I have searched internet for sometime but couldn't find anything relevant. Can anyone give me some reference regarding this?

• What kind of details are you looking for? Zermelo's construction can be rigorously defined by recursion as: $0 = \emptyset$, and $n + 1 = \{ n\}$, where the singleton operation is easily deduced from set theory (in ZFC, it's the pair operation applied to $n$ and $n$). Zermelo's and Von Neumann's constructions are isomorphic in any reasonable sense - you can easily verify that either one satisfies the Peano axioms. Jun 24 '15 at 5:13
• I actually have never read the detailed construction of natural numbers by Zermelo's premises. I am looking just for the details of that construction. By the way, I don't understand why did you say that both of the constructions are isomorphic. In von Neumann's construction, for example, we have the very interesting consequence that every predecessor of a natural number ($\ne 0$, of course) belongs to it. Whereas in Zermelo's construction the conclusion holds for the immediate predecessor and I don't see exactly how we can extend this to all predecessors.
– user170039
Jun 24 '15 at 5:23
• @user170039 They are isomorphic in the sense that the two sets can be placed in bijection with each other in such a way that the successor (and by extension all other natural number operations) is preserved. So the only thing that is different is the truth value of statements like $1 \in 2$ which are not used in number theory. Jun 24 '15 at 5:29

The reason you are having difficulty finding such a reference is probably due to the fact that presentations of the natural numbers rarely deal with these construction directly. Instead we simply require an element $0 \in \mathbb{N}$ and a funciton $S : \mathbb{N} \to \mathbb{N}$ that gives the "successor" of each number. For the Zermelo naturals, $0 = \emptyset$ (as you mentioned) and $S(x) = \{ x \}$.

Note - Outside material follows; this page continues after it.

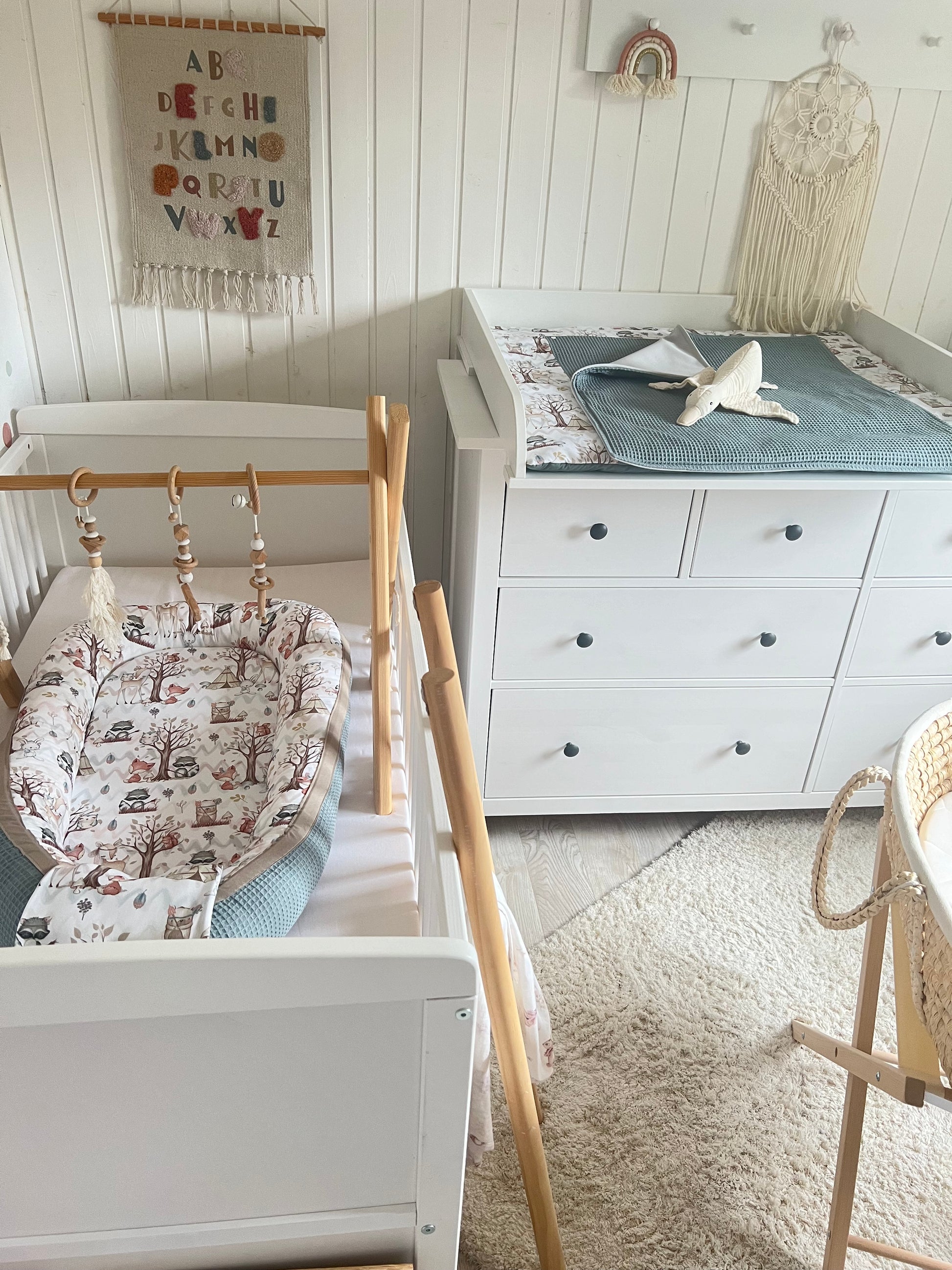 - die separate Auflagen, Bettschlange, Babydecke, Krabbeldecke sind waschbar bei 30°C ohne Weichspüler

The typical construction proceeds by proving the Peano axioms for the given $\mathbb{N}$. The only part which will be significantly different in the case of Zermelo's naturals is proving that there exists a set $\mathbb{N}$ s.t. $\forall x \in \mathbb{N} \; S(x) \in \mathbb{N}$ (i.e. that there is a set which contains "all" the natural numbers). This requires invocation of the axiom of infinity. If you look at the definition of that axiom, you can see that the axiom in fact directly asserts that there exists a set which contains the von Neumann naturals, which is probably part of the reason presentations use this construction.

To prove the existence of such a set for Zermelo's naturals, the easiest way I can think of is establishing a bijection between the von Neumann naturals and Zermelo's, and then using the axiom schema of replacement.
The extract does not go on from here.